Item 4.02 Non-Reliance on Previously Issued Financial Statements or a Related Audit Report or Completed Interim Review
     On May 3, 2006, the Company concluded that its financial statements for the year ended December 31, 2005, and potentially additional periods, should no longer be relied upon. The Company has determined that its rebate reserves as of the end of 2005 were understated. Rebates are contractual discounts offered to government programs and private health plans which are eligible for rebates at the time prescriptions are dispensed, subject to various conditions. The Company records quarterly reserve provisions for rebates by estimating rebate liability for product sold, based on factors such as timing and terms of plans under contract, time to process rebates, product pricing, sales volumes, units held by distributors, and prescription trends. Upon review, the Company has concluded that the rebate rates and method used to calculate the rebate liability did not fully capture the impact of these factors in its historical provision. Accordingly, the Company plans to restate its financial statements for the year ended December 31, 2005, and potentially additional periods.
     The Company intends to file an amended Form 10-K for the year ended December 31, 2005 and any other required amendments to its annual and periodic reports, which will include the restated financial statements, as soon as practicable after the Company completes its internal review and restatement of its financial statements and the external audit process is completed. The Company does not expect that it will be able to complete this process and make these filings before May 10, 2006, the deadline for timely filing the Form 10-Q for the quarter ended March 31, 2006.
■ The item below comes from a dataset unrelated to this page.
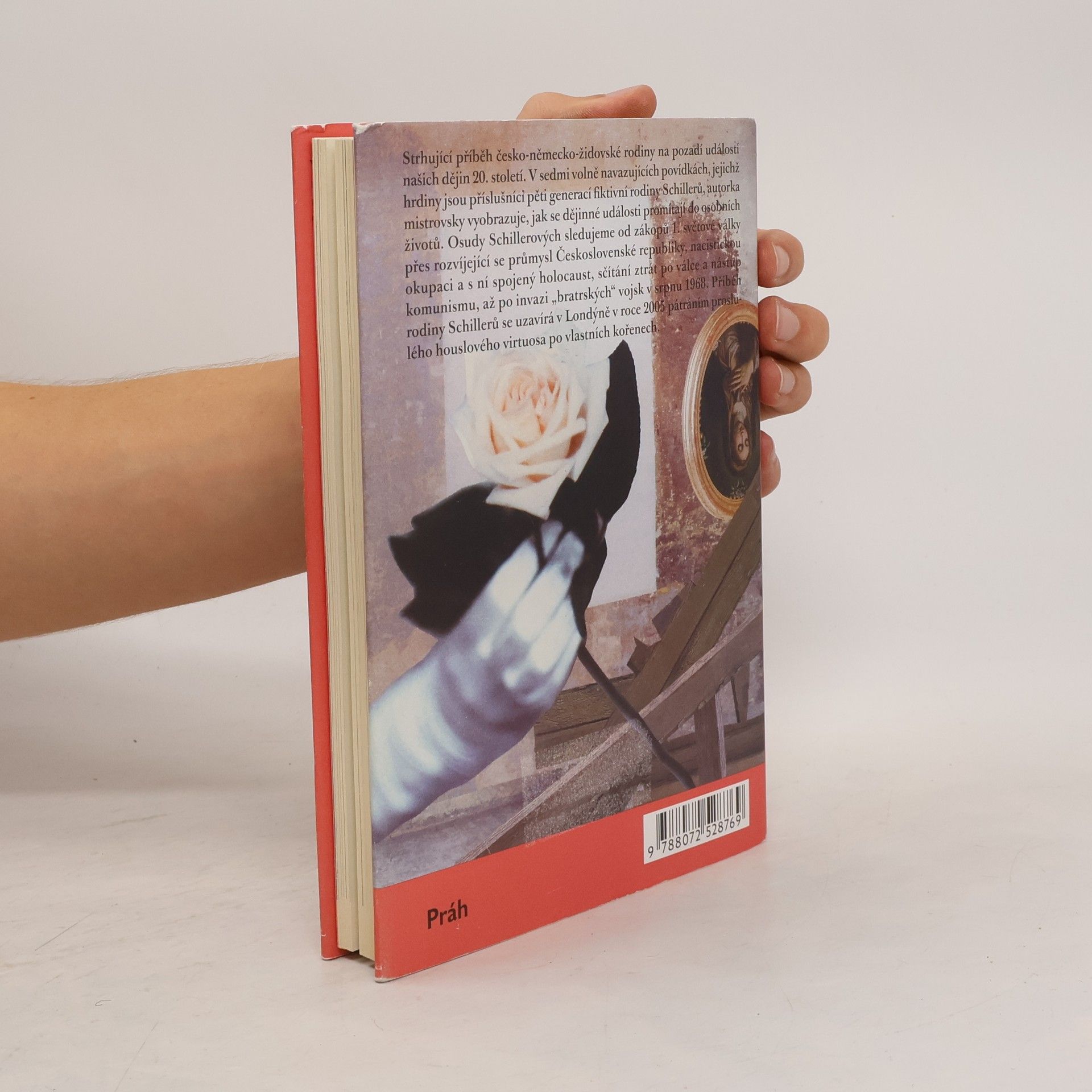 Strhující příběh česko - německo - židovské rodiny na pozadí událostí našich dějin 20. století. Citlivé zachycení 20. století v podání Aleny Ježkové se úspěšně může řadit do současného trendu ženských autorek Mornštajnové a Lednické, které pečlivě a bez přehnaného sentimentu prozkoumávají českou identitu a minulost. V sedmi volně navazujících povídkách, jejichž protagonisty jsou příslušníci pěti generací fiktivní rodiny Schillerů, autorka mistrovsky vyobrazuje, jak se dějinné události promítají do osobních životů. Tuto linii sledujeme od zákopů 1. světové války přes rozvíjející se průmyslu Československé republiky, nacistickou okupaci a s ní spojený Holocaust, sčítání ztrát po válce a nástup komunismu, až po invazi „bratrských“ vojsk v srpnu 1968. Příběh rodiny Schillerů se uzavírá v Londýně v roce 2005 pátráním proslulého houslového virtuosa po vlastních kořenech.

     The increase in the historical provision for rebate reserves will have the effect of decreasing revenues and earnings, accrued liabilities and retained earnings figures contained in our historical financial statements. We do not believe that this restatement will have an impact on the Company’s historical cash position or operating expenses.
     The Company and the audit committee of its board of directors have discussed the matters disclosed in this Current Report on Form 8-K with Ernst & Young LLP, the Company’s independent registered public accounting firm.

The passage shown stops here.